It pains me to keep writing “cheap” like this. But it is at the heart of both suits. In the fund world, it is possible to get the exact same basket of investments for a lower fee. The funds can be identical identical except for the fee. The same underlying investments, the same service, just different fees.

Additionally, the Chevron suit explicitly alleges that the revenue sharing arrangement resulted in extra fees for the recordkeeper as the assets grew and did not have a corresponding increase in services. Connecting the dots: The increase in revenue was not reasonable based on the fact that no additional services were rendered to the plan. The consequence of this unreasonableness could be a fiduciary breach under ERISA.

So what does that have to do with adviser fees? Many advisers charge an asset-based fee. As the markets advance, so does the adviser’s paycheck. If this Chevron suit goes through, a dangerous precedent will have been set.

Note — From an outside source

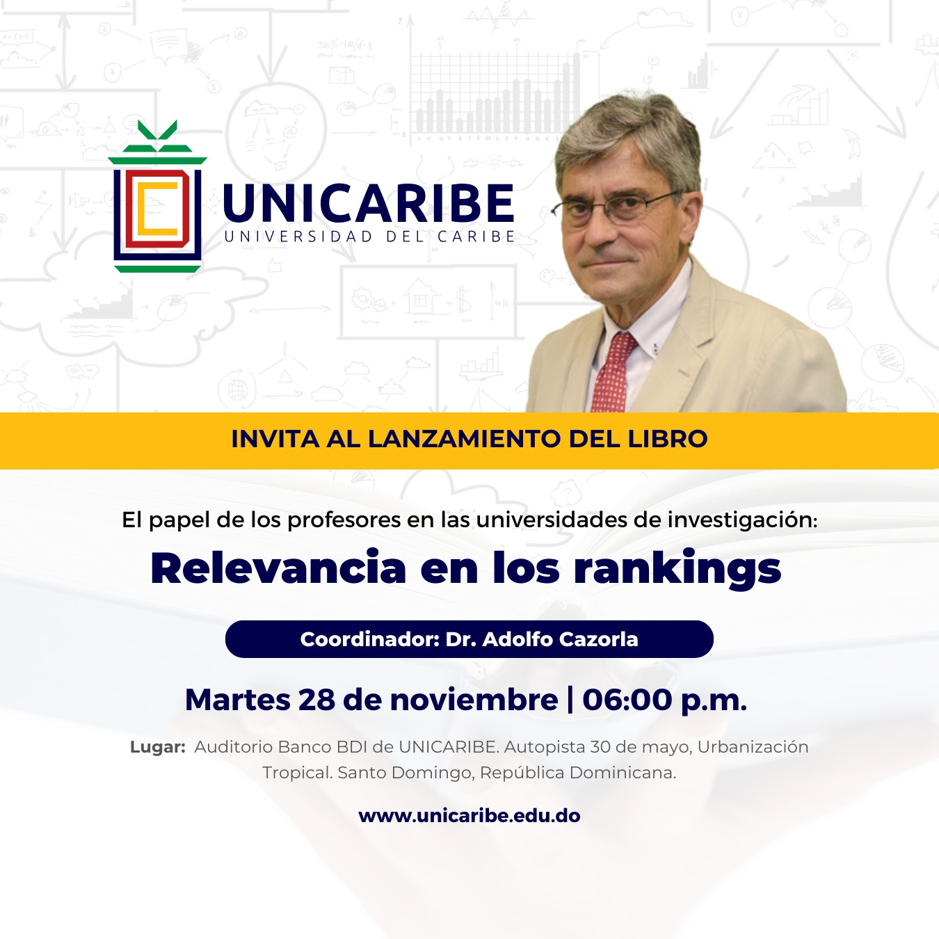 Santo Domingo.– SANTO DOMINGO.- Será lanzado este martes el libro “El papel de los profesores en universidades de investigación”, en una actividad llevada a cabo en la Universidad del Caribe.

Up to now, many advisers have sold asset-based compensation as “I share in the same gain as the participants; I win when they win.” If this suit goes through, the assumption will be that the adviser must provide additional services to match the increase in compensation instead of the paradigm of reward for good performance we have seen up to now.

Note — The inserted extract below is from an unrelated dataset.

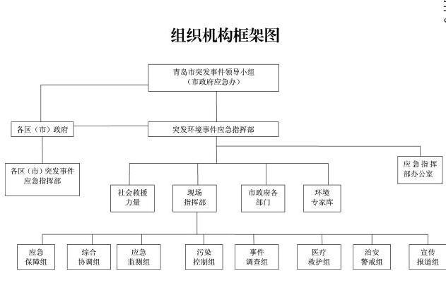 區(qū)(市)政府成立相應(yīng)的突發(fā)環(huán)境事件應(yīng)急組織體系,參照青島市突發(fā)環(huán)境事件應(yīng)急組織體系確定機構(gòu)單位及職責(zé)。

On the other side of the potential precedent, it would seem that an adviser is resetting the acceptable floor every time the market drops. It doesn’t take much to continue the argument as such: The reduced revenue was acceptable for the adviser in 2007 and 2008; therefore, the adviser should have had a reduced commission rate in 2009-20013 as he demonstrated that he could provide the same services for less commissions during the market correction. So just like an inverted high water mark on an annuity, you could be slashing your own fees every time you sit quietly as the market goes through a correction. Just for argument’s sake, the same could be true as we look at the potential for large distributions as Boomers retire.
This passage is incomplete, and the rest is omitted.